LIHU‘E — There is a turtle species in the Papahanaumokuakea Marine National Monument, too, said Aaron Swink of the state Department of Land and Natural Resources Division of Aquatic Resources Saturday while distributing free, grab-and-go ocean-learning kits near the newly-installed marine-wildlife panel located near the Keiki Korner play area at Kukui Grove Center.
“The turtle in the panel has its identifying name, scientific name and, unlike the one in the poster illustrated by Roger Hall, has its Hawaiian name,” said Jean Souza, the Kaua‘i Ocean Discovery on-site manager.
“The panel is illustrated by Roger Hall, and with the collaboration of Malia Nobrega-Olivera of the University of Hawai‘inuiakea School of Hawaiian Knowledge, named ‘Oe E Kanaloa, Ola! or, ‘These Are You, Kanaloa.’”
More than 200 learning kits were distributed through partnership and collaboration with the state DLNR DAR, Princeville Public Library, Hawaiian Islands Humpback Whale National Marine Sanctuary and Deja Vu Surf Hawai‘i.
The free marine-wildlife and Papahanaumokuakea Marine National Monument poster accompanied the package lso containing an activity book, word puzzles, brochures, online resources and more.
“We gave 50 kits to the Princeville library, and within an hour half of it was already distributed,” Souza said. “They were hoping to have enough kits to last through the lunch hour.

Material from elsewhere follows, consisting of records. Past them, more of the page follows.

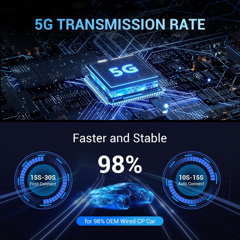 - 【 Faster and Stable 】The CarPlay wireless adapter is built with a 5G chip for fast processing speed and compatibility with 5GHz WiFi rates. This ensures a stable connection, fast response time, and eliminates audio latency. By transmitting unaltered signal sources, enjoy high-quality sound and images. You can easily display all your favorite maps, media, and messaging apps on the car's display screen.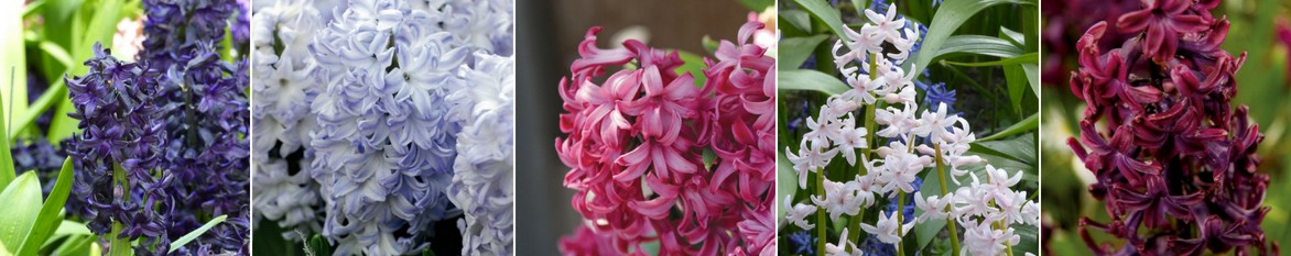 Plusieurs formes et coloris : Hyacinthus ‘Dark Dimension’, Hyacinthus ‘Blue Eyes’, Hyacinthus ‘Jan Bos’, Hyacinthus multiflore rose, Hyacinthus ‘Woodstock’.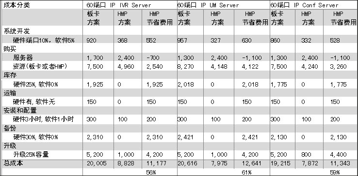 在眾多好處當(dāng)中,對(duì)用戶最有吸引力的無疑是節(jié)省成本。張怡國特別強(qiáng)調(diào),對(duì)一個(gè)應(yīng)用系統(tǒng)而言,成本的計(jì)算不應(yīng)該單以產(chǎn)品端口購買價(jià)格考核,而應(yīng)該是系統(tǒng)總的建設(shè)成本,包括產(chǎn)品購買成本、服務(wù)器成本、運(yùn)輸、安裝、庫存、升級(jí)等多項(xiàng)費(fèi)用;贖MP1.1版本,張怡國作了一個(gè)比較,以60端口IP IVR 60、端口IP UM或者60路會(huì)議為例,和語音板卡處理方式相比,基于HMP軟件實(shí)現(xiàn)能有近60%的成本節(jié)省,其中采購能節(jié)省20%,庫存節(jié)省20%,備份節(jié)省20%,升級(jí)節(jié)省近40%。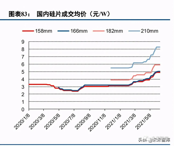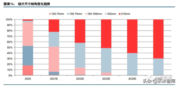 技术迭代上,硅片环节目前大尺寸高功率产品将进入快速放量阶段,硅片-电池-组件企业已加速布局 182、 210 尺寸产品。据中国光伏行业协会的统计预测,2020 年 158.75mm 尺寸硅片市场占比超过 50%,182mm 以上 尺寸硅片占比不超过 10%,我们预计到 2021 年底,210+182 出货占比会达到 50%,未来 2 年 210+182 会成为市 场主流。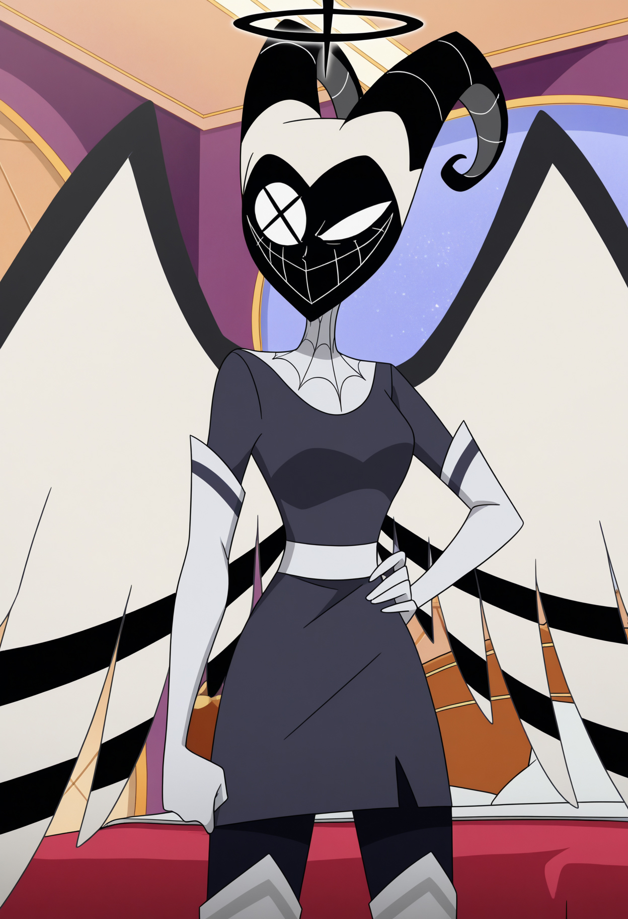 lute \(hazbin hotel\), lute, halo, black halo, angel wings, pale skin, short hair, white hair, white sclera, yellow eyes

We’ll be doing the Kukui Grove distribution until the afternoon, and whatever is remaining will be distributed through Deja Vu Surf Hawai‘i at Kukui Grove.”
Souza said while many people may never have an opportunity to step foot in Papahanaumokuakea Marine National Monument because of the harm that humans might cause, the monument can be visited remotely through the internet and resources such as the learning kits that include instruction on creating an origami marine wildlife scene.
“We are so appreciative of the creativity of the Kaua‘i Ocean Discovery team and partners to find ways to pivot and continue to share its mission and ocean resources in new ways over this past year when the Kaua‘i Ocean Discovery was closed due to the pandemic,” said Melissa McFerrin-Warrack of KGC.
“The grab-and-go learning kits, virtual webinars, the Ho‘ike channel 54 programming and more. It’s great to see this team coming together to offer something meaningful for our keiki and our families to enjoy until the Kaua‘i Ocean Discovery can be reopened to the community once again,” McFerrin-Warrack said.
Souza said that, on Tuesday, Feb. 9, there will be a webinar on the Hanalei Watershed,where Maka‘ala Ka‘aumoana, the founder of the Hanalei Watershed Hui, will discuss the Hanalei ‘ahupua‘a area on Kaua‘i’s North Shore. The discussion will include the area’s history, issues and future.
On March 24, Dr. Heather Ylitalo-Ward will present about cephalopods, and why they are important in Hawai‘i and beyond.
Ylitalo-Ward, an employee with the DLNR DAR, monitors coral reef ecosystem health and populations, including octopus. During the presentation, Ylitalo-Ward will discuss her experiences working with octopus and why she continues to be enamored with them today.
To register for the seminars, visit sanctuaries.noaa.gov/education/teachers/webinar-series.html.